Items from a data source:
=== Section Start ===

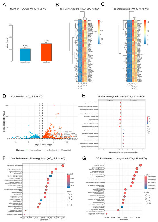 Optineurin loss reshaped the LPS-induced transcriptome by partially preserving immune activation but altering metabolic programs. (A) Bar plot showing significantly up- and downregulated genes in KO_LPS vs. KO (padj < 0.05; |log2FC| ≥ 0.5) using DESeq2. (B,C) Heatmaps of the top 50 downregulated (B) and upregulated (C) genes ranked by combined score (−log10[padj] × |log2FC|). Values are z-scored variance-stabilized (rlog) counts; samples and genes are hierarchically clustered. (D) Volcano plot shows significantly up- and downregulated DEGs ranked by log2FC, with top 50 DEGs labeled. (E) GSEA bubble plot (GO Biological Process) shows the top enriched pathways. (F,G) GO overrepresentation dot plots; dot size = GeneRatio (query genes in term/term size). Only the top 15 enriched terms for downregulated (F) and upregulated (G) gene sets are displayed.
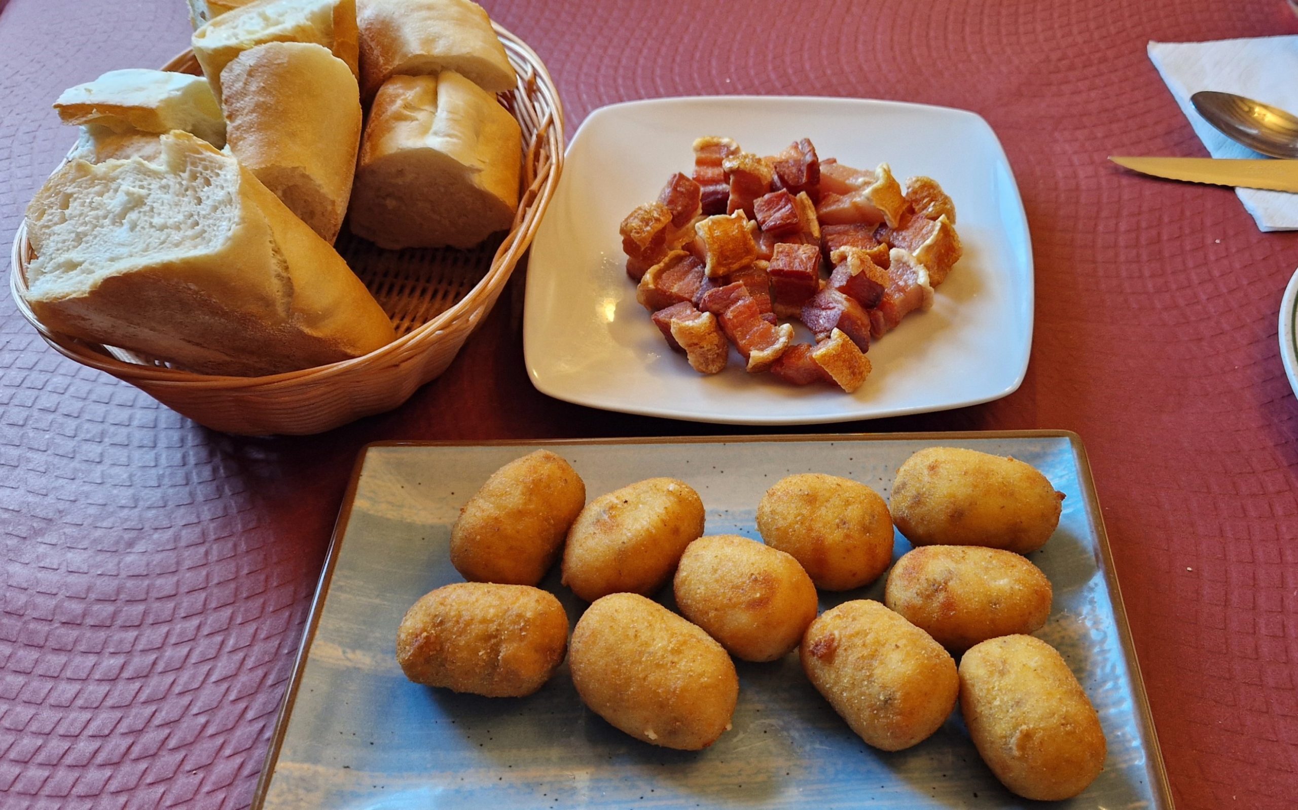 Como entrante compartimos unos torreznos y croquetas. Bien los torreznos, notables las croquetas: Buena bechamel con un poquito de pimienta blanca y una pizca de nuez moscada. Jamón que se sentía y bien fritas. Merecieron la pena.
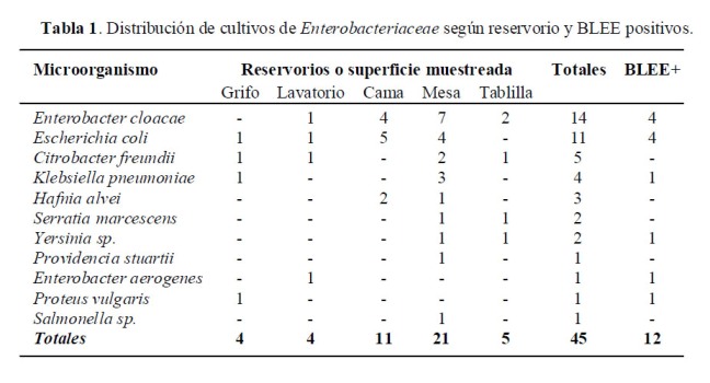 Estos resultados, además, refuerzan la importancia de una apropiada limpieza y desinfección de las superficies y sobre todo del lavado de manos, sobre todo después del contacto con reservorios potencialmente contaminados. Este es probablemente, en nuestro país, el primer reporte de enterobacterias aisladas de superficies o reservorios intrahospitalarios con demostrada capacidad de producir BLEE.
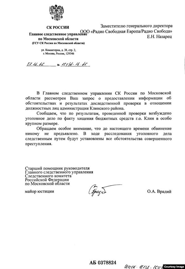Следственный комитет возбудил уголовное дело о хищении бюджетных средств после публикации Радио Свобода о фиктивном трудоустройстве знакомых главы подмосковного Клина. Об этом сообщается в ответе Главного следственного управления ведомства по Московской области на запрос радиостанции.
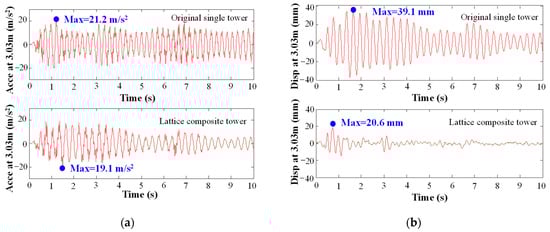 Comparison of seismic responses at the tower top between original main tower and lattice composite tower: (a) acceleration response; (b) displacement response.
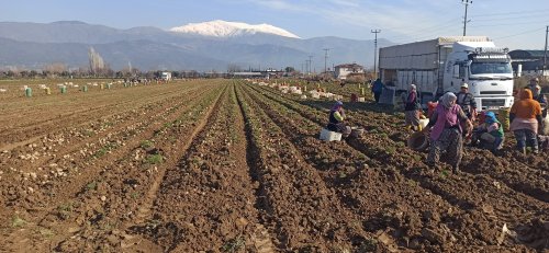 Ödemiş’te havaların soğuk olması sebebiyle ara verilen kış patatesinde hasat çalışmaları yeniden başladı.

=== Section End ===

■ Task objective ■
Could you write all the entries out again exactly, but without their pictures?

■ Answer section ■
 Optineurin loss reshaped the LPS-induced transcriptome by partially preserving immune activation but altering metabolic programs. (A) Bar plot showing significantly up- and downregulated genes in KO_LPS vs. KO (padj < 0.05; |log2FC| ≥ 0.5) using DESeq2. (B,C) Heatmaps of the top 50 downregulated (B) and upregulated (C) genes ranked by combined score (−log10[padj] × |log2FC|). Values are z-scored variance-stabilized (rlog) counts; samples and genes are hierarchically clustered. (D) Volcano plot shows significantly up- and downregulated DEGs ranked by log2FC, with top 50 DEGs labeled. (E) GSEA bubble plot (GO Biological Process) shows the top enriched pathways. (F,G) GO overrepresentation dot plots; dot size = GeneRatio (query genes in term/term size). Only the top 15 enriched terms for downregulated (F) and upregulated (G) gene sets are displayed.
 Como entrante compartimos unos torreznos y croquetas. Bien los torreznos, notables las croquetas: Buena bechamel con un poquito de pimienta blanca y una pizca de nuez moscada. Jamón que se sentía y bien fritas. Merecieron la pena.
 Estos resultados, además, refuerzan la importancia de una apropiada limpieza y desinfección de las superficies y sobre todo del lavado de manos, sobre todo después del contacto con reservorios potencialmente contaminados. Este es probablemente, en nuestro país, el primer reporte de enterobacterias aisladas de superficies o reservorios intrahospitalarios con demostrada capacidad de producir BLEE.
Следственный комитет возбудил уголовное дело о хищении бюджетных средств после публикации Радио Свобода о фиктивном трудоустройстве знакомых главы подмосковного Клина. Об этом сообщается в ответе Главного следственного управления ведомства по Московской области на запрос радиостанции.
 Comparison of seismic responses at the tower top between original main tower and lattice composite tower: (a) acceleration response; (b) displacement response.
 Ödemiş’te havaların soğuk olması sebebiyle ara verilen kış patatesinde hasat çalışmaları yeniden başladı.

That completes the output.